I am working on an application that requires derivatives odes to compute partials for solvers. The approach I am taking is to prefer analytic partials (for performance, which is key), and fallback to AD or finite difference only when needed and at the lowest level. This means I need the partials of the solution to odes, w/r/t to initial conditions. For fixed step integration, this is relatively straightforward, but, fixed step is not ideal for obvious reasons.

Is there any work in the extensive DifferentialEquations ecosystem on ode integrators with analytic derivatives (especially w/r/t the independent variable). I could make do with fixed step, but adaptative step is better (and much, much harder))

You mean with respect to the dependent variable? W.r.t. the independent variable is just f. W.r.t. u0 is included in the SciMLSensitivity codes.

Note that AD actually uses the continuous adjoints by default. This is discussed in the SciMLSensitivity documentation.

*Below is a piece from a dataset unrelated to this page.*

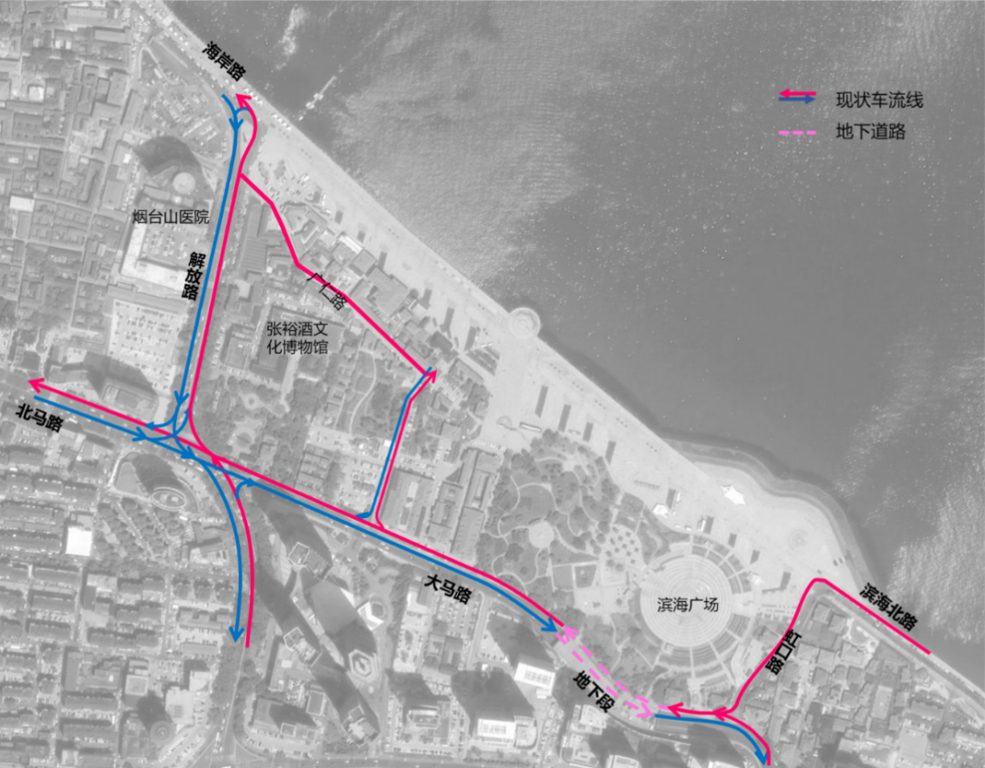 地面辅路:在大马路(滨海广场段)路北新增地面由东向西单行道,解决原地下道路不易到达广场的问题。

You can directly choose how the function is differentiated via the sensealg keyword:

or by using the direct interface

but we recommend just using the defaults in most scenarios.

Do you need to take the discretization into account, i.e. do you need the derivatives to nearly machine precision (including the derivative of the discretization error), or do you only need the derivative to the same accuracy as the ODE solution?

The latter (the “differentiate-then-discretize”) approach is much easier, is independent of the discretization scheme, and is better behaved for adaptive schemes — see ForwardDiff + Adaptive ODE Solvers: Timestep Issue Leads to Incorrect Derivatives - #4 by ChrisRackauckas

Another question is how many initial conditions you have (i.e. how big is your ODE system), and how many things do you need to differentiate?

  • If you have relatively few variables, and/or you want the full Jacobian matrix of the solution with respect to the initial conditions, you are probably better off with forward mode differentiation (whether by hand or using AD), which is simpler and is more efficient in this regime.
  • If you have lots of variables (\gtrsim 100), and you only need to differentiate one (or a few) quantities, such as a scalar “loss function” of the solution, you are probably better off with reverse mode / adjoint methods (whether by hand or using AD).

For a gentler introduction to these things, see e.g. chapter 9 of our Matrix Calculus course notes. For more in-depth coverage, see Chris’s review article.

I also wrote a little Julia tutorial implementing forward and reverse mode differentiate-then-discretize, by hand (mostly) following the course notes, to differentiate a small ODE solution with respect to initial conditions. It’s not necessarily any more efficient than using SciMLSensitivity.jl, however, which also uses AD in the analytical differentiate-then-discretize approach.